Bank NPAs: Almost everyone holds a bank account, but is your bank safe? If you aren't sure, read this report first, and then decide whether to keep your current account or switch to another bank.
Rise in Bank NPAs: Having a bank account is commonplace these days; from children to the elderly, virtually everyone holds at least one bank account. Whether that account is with a public sector bank or a private bank depends entirely on the consumer and their specific needs. However, do you know whether your bank is truly safe? If you don't, this report is bound to leave you shocked.
Private Banks Hit Hard by 'Bad Loans'
According to a report by the rating agency ICRA (Investment Information and Credit Rating Agency of India Limited), the rate at which 'bad loans' (NPAs) are rising in private banks is significantly higher than in public sector banks. In FY27 (Financial Year 2027), fresh bad loans in private banks are projected to reach approximately 2.0%, up from 1.8% in FY26. In contrast, this figure is estimated to remain around 1.2% for public sector banks—an increase from 0.9% in FY26. In other words, public sector banks appear to be safer than private banks.
What Are 'Bad Loans'?
For those who are unaware, 'bad loans' are also referred to as NPAs (Non-Performing Assets).

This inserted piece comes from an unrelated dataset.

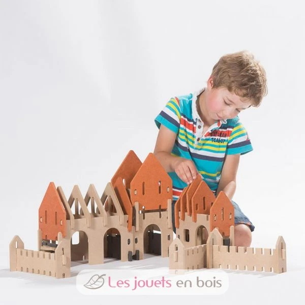 Teile Schlösser „Ardennen Toys“ ineinander passen und ermöglichen eine Vielzahl von Möglichkeiten. Türme, Mauern, Brücken, … Endless Baumöglichkeiten! Die Ställe umfasst 42 Stücke, die durch ineinandergreif füreinander und benötigen keine Werkzeuge oder Teile von Verbindungselementen. Ein Stück Kuchen! Dieser Baukasten ist für Kinder mit Partikeln PEFC Holz aus Bäumen gewonnen, die in den Ardennen geschoben haben entworfen.

These are loans where a bank extends credit to a consumer but is subsequently unable to recover the funds. After issuing a loan, the bank establishes a fixed installment schedule that the consumer is required to pay every month. However, when a consumer becomes unable to repay these installments, the loan falls into the category of a 'bad loan.' Typically, the customer is given a grace period of 90 days (three months) before this classification takes effect.
Private Banks Offer Unsecured Loans
It is worth noting that private banks frequently offer unsecured loans (loans without collateral) as well as loans to MSMEs (Micro, Small, and Medium Enterprises). Consequently, the risk of these loans turning into 'bad loans' is significantly higher. The risk of default is particularly high when these loans are extended to small business owners or granted as personal loans. If a business collapses—or even faces the slightest setback—the borrower is unable to repay the loan.